May be a little easier to see how it works. Can also reverse the tuple order:

>>> it=iter(L)
>>> [(next(it), el) for el in it]
[(109, 1), (109, 2), (130, 2), (131, 2), (132, 2), (28, 3), (127, 3)]

Upvotes: 0

ovgolovin
ovgolovin

Reputation: 13410

>>> it = iter(L)
>>> zip(*[it]*2)
[(1, 109), (2, 109), (2, 130), (2, 131), (2, 132), (3, 28), (3, 127)]

Explanation

it = iter(L) creates iterator on the initial list

[it]*2 crates the list consisting of the same iterator twice.

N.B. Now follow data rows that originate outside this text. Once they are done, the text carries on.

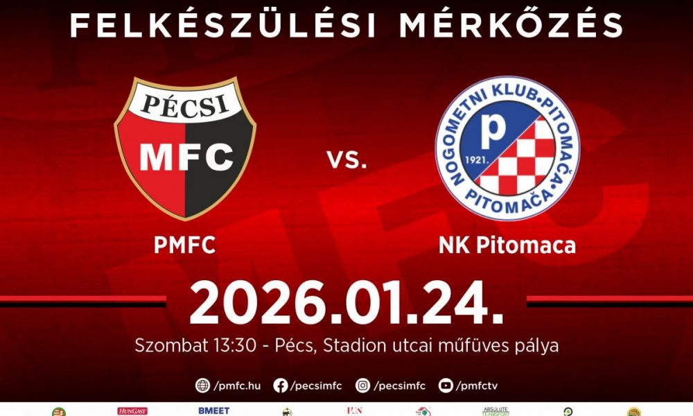 Amint arról korábban részletesen beszámoltunk, NB III-as labdarúgócsapatunk január 15-én kezdte meg a felkészülést a bajnokság tavaszi szezonjára. A piros-feketék már túl vannak a háromnapos, erő- és állóképesség fejlesztő harkányi edzőtáboron, a hétvégén pedig edzőmérkőzés vár a PMFC-re. A terheléses időszak első gyakorlómeccsén a horvát harmadosztályú NK Pitomaca lesz a vendégünk január 24-én, szombaton 13:30-tól, a Stadion utcai műfüves pályán. A találkozót nézők előtt játsszuk le, a belépés ingyenes lesz, míg a helyszínen büfé is üzemel, ahol évszaknak megfelelő kínálattal várjuk a kilátogató szurkolókat.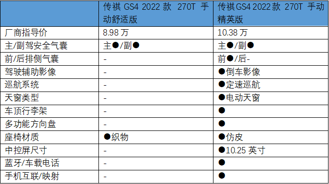 如果想买手动挡车型,更推荐售价10.38万元的手动精英版,虽然价格贵了1.4万元,但配置上多了前排侧气帘、倒车影像、定速巡航、电动天窗、车顶行李架、多功能方向盘、10.25英寸中控触摸屏、手机映射、后排出风口等配置,无论是在安全性或是舒适性的提升上都更值得买。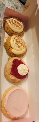 I really like the size of the cookies here for the price.. also i like the rotating weekly menu! that is great for someone like me who love sweets and always willing to try something new! this was my 1st time going. I tried the smores the lemon BlackBerry, pancake cookie And the lemon crinkle cookie out of the 4 I'd have to say the smores cookie was my favorite one it wasn't too sweet it was perfect.2nd place The lemon BlackBerry cookie I really like the flavor of the cookie with the icing the only thing I would change is the blackberries in the middle I could have done without those other than that it was perfect! the pancake cookie was absolutely way too sweet for me wouldn't order that again and the lemon crinkle cookie just needed more lemon!! I love lemon and it should have had more of it or maybe a lemon cream cheese frosting (hint 😉) also As always make sure you download the app and earn those rewards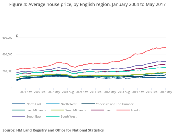 Figure 4: Average house price, by English region, January 2004 to May 2017
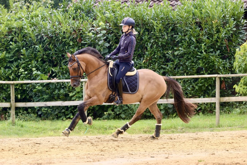 We are selling our 3-year-old gelding by Don Deluxe RB x Dimension AT. He is currently being trained in various disciplines by us. Whether it's trail riding, dressage, groundwork, or galloping across the field, he masters everything with flying colors. He has also jumped a small jump already. He possesses 3 very good basic gaits! At the moment, he is being ridden by an 11-year-old child (video available). Definitely a future children's pony. If interested, please contact us at 015229060062! Price is negotiable; a good home is more important to us.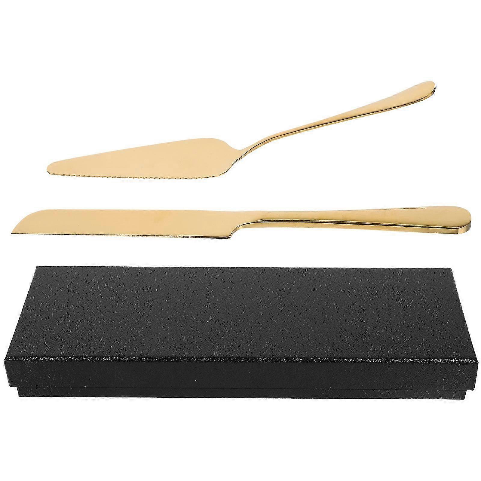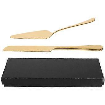 Wedding Cake Server Set Stainless Steel Cake Cutter Spatula 23.5cm Golden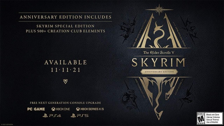 We do know that Skyrim: Anniversary Edition is going to launch on PS4, PS5, Xbox One, Xbox Series X|S, PC, and Xbox Game Pass on November 11th, with a free next-gen upgrade for players who own a PlayStation 5 or Xbox Series X|S. We'll let you know when more details regarding pricing – both the upgrade price and the standalone price – are revealed, but otherwise, look for the Anniversary Edition to drop in November.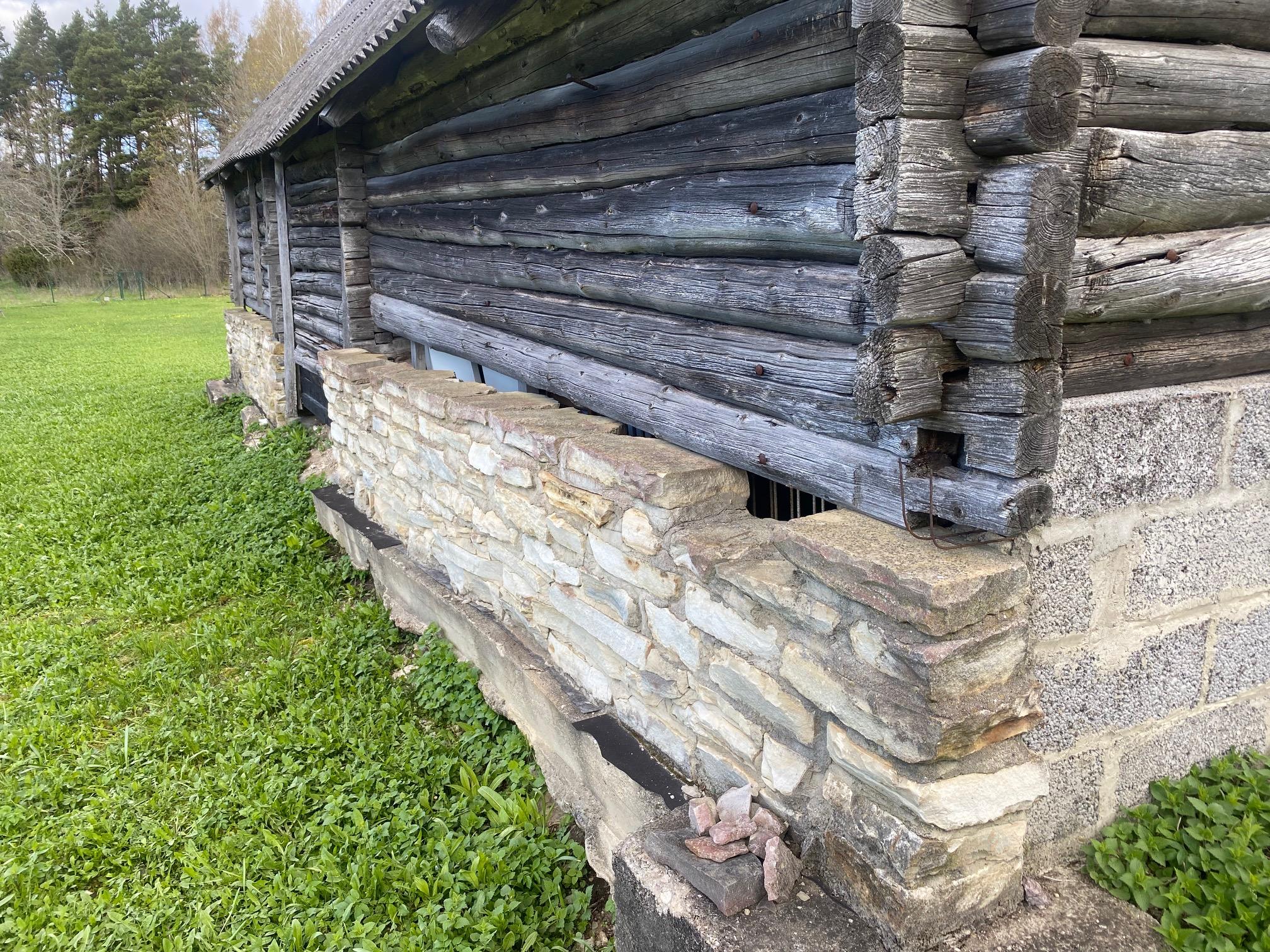 Tundub, et maja kolme külje vundament on enam-vähem OK - st tuleb lisada barjäär kivi ja palgi vahele, parandada mõni üksik auk. Neljandal küljel on minu meelest osa vundamenti viltu laotud, osa üleüldse puudu. See külg tuleks koda teha, vajadusel vana käkk lammutada. Lõpptulemus peab olema see, et palkmaja ilusti istub korraliku vundamendi peal. Fibo võib kasutada, ei ole vaja viimistleda.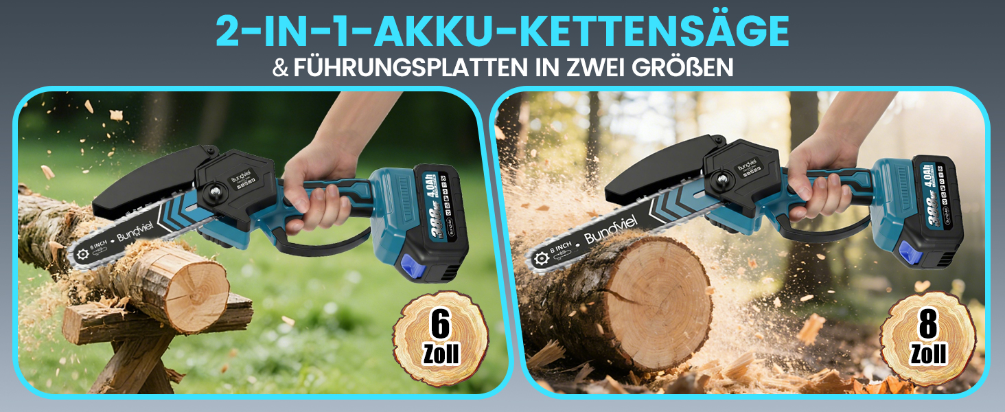 【2-in-1-Design, ausgestattet mit 6-Zoll- und 8-Zoll-Kettensäge】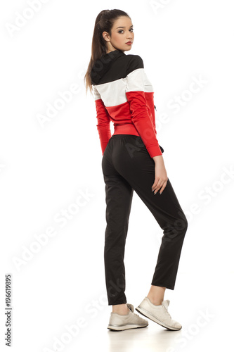 © vladimirfloyd, Fototapeta premium young women in black and red tracksuits on a white background

* used at the first place in the parameter is used to unpack the parameters, so that zip(*[it]*2) turns into zip(it,it). Though you can use zip(it,it), zip(*[it]*2) is a more general construction, which can be extended to any number of values in the resultant tuple.

The core of this approach is that zip on each iteration tries to get one value from each argument. But it turns out that all the arguments are effectively the same iterator, so it yields every time a new value.

Upvotes: 9

BrtH
BrtH

Reputation: 2664

Another approach:

lst = [1, 109, 2, 109, 2, 130, 2, 131, 2, 132, 3, 28, 3, 127]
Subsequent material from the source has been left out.